- [What is expected] Exactly and only the lines from the one with "魅族MX4 Pro修改分辨率后跑分" through the last line of the records need to be set down; please skip the pictures.

- Opening Delimiter -

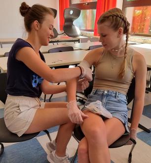 Erste-Hilfe-Ausbildung am Isinger Gymnasium: Miriam Brühwiler legt Luisa Fiala einen Druckverband an
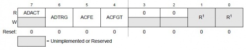 Si ADTRG = 0 se selecciona software trigger, la conversión se hará cada vez que se escriba en el registro ADCSC1 (ver Modos de Operación).
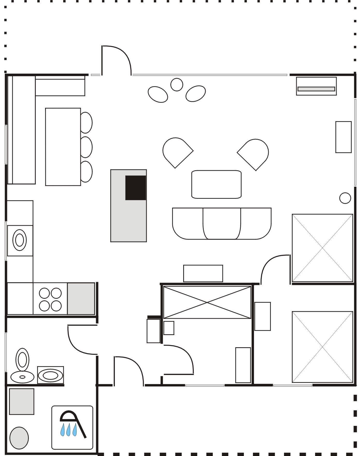 Der er i alt 6 sovepladser fordelt på en dobbeltseng i kammeret, 1 køjeseng i værelset og en dobbeltseng i stuerummet, der alternativt kan laves til 2 enkeltsenge eller day-bed, hvorfra man med fordel nyder morgenkaffen, udsigten og pejsen.
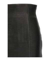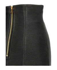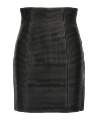 'HW Rolled' high waist mini skirt in ribbed leather, back zip closure, lining. Composition: 100% lamb leather (Ovis aries) Made in: Turkey Color: Black Size and fit: - Slim fit French size Model number: EF1LA495LC620PA
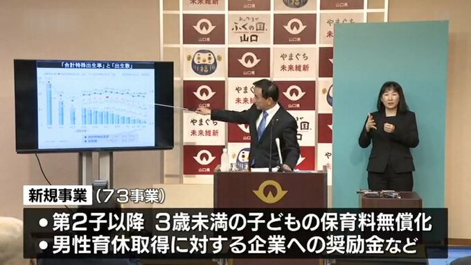 県最大の課題である人口減少の克服を掲げ、第2子以降の、3歳未満の子どもの保育料無償化や、男性の育休取得に対する企業への奨励金の支給など、73の新規事業を盛り込んでいます。
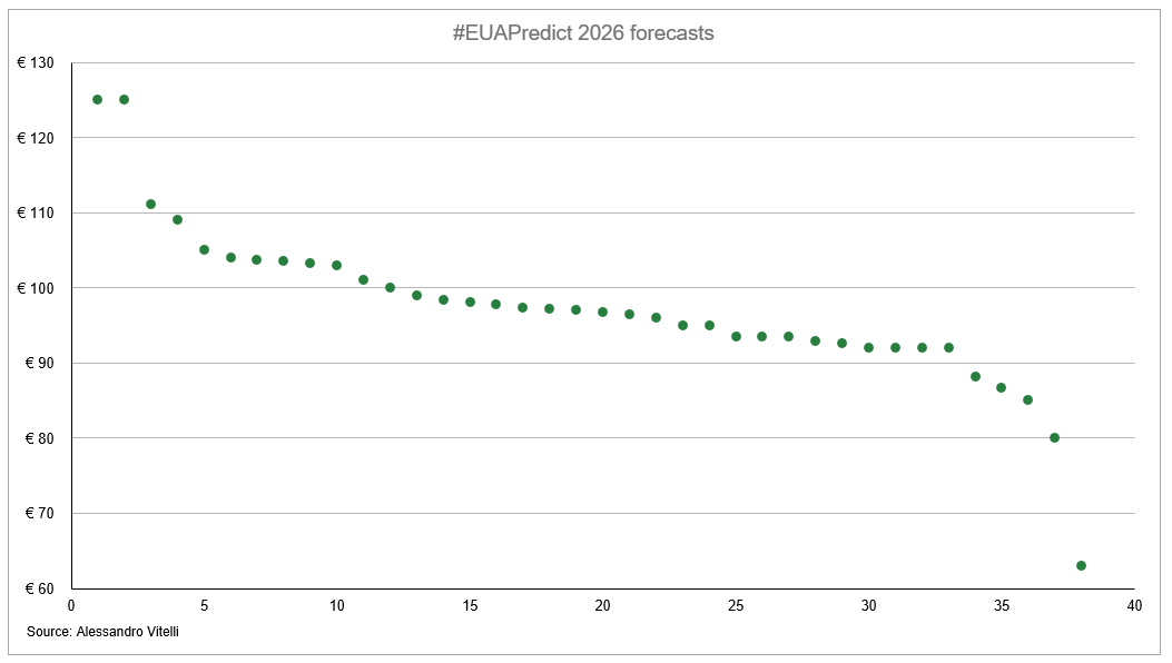 Thank you if you entered the #EUAPredict 2026 competition. The results are now in! The median forecast (based on 38 responses) for the Dec-2026 EUA contract final settlement price was €96.85. The most bullish respondents to #EUAPredict see EUAs ending 2026 at €125, while at the other end of the spectrum, €63 is the most bearish entry received. At the time of writing carbon is trading near €93.
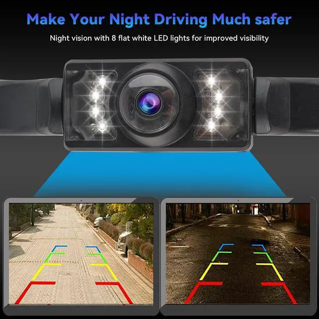 [New 8 infrared LED]: High-definition and 170°Wide View Angle & Adjustable Lens. Provide a better performance in dark space to keep safe driving. Use 8 LED lamps, the ultra clear picture at night is also available for you. 170 degree ultra wide angle, makes every corner at the back of the car to been seen clearly, enables car car driving safer.
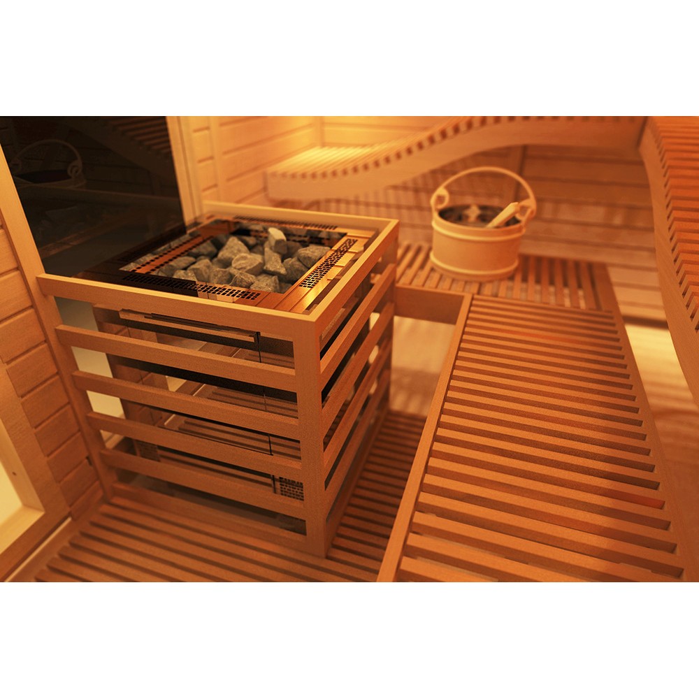 Эти новые печи для сауны нагреваются быстрее, уменьшает время ожидания. Усовершенствованная конструкция отсека для камней увеличивает срок эксплуатации нагревательных элементов будет длиться дольше, чем в обычных обогревателей. Несмотря на компактные габариты, печь вмещает в себя от 45 до 100 килограмм камней и обладает достаточно высокой мощность для качественного прогрева помещения.
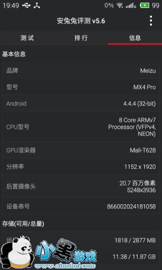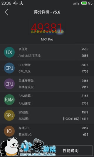 魅族MX4 Pro修改分辨率后跑分
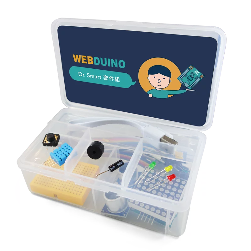 Dr. Smart 開發者套件內含 Webduino Smart 開發板與多個電子元件、傳感器,是 Webduino 系列產品中最精簡的一個組合。搭配官方網站一系列對應的教學案例,你將可以在最短的時間內,快速地學習到 Webduino 的基礎精髓!

- Closing Delimiter -

- [Exercise result]
 魅族MX4 Pro修改分辨率后跑分
 Dr. Smart 開發者套件內含 Webduino Smart 開發板與多個電子元件、傳感器,是 Webduino 系列產品中最精簡的一個組合。搭配官方網站一系列對應的教學案例,你將可以在最短的時間內,快速地學習到 Webduino 的基礎精髓!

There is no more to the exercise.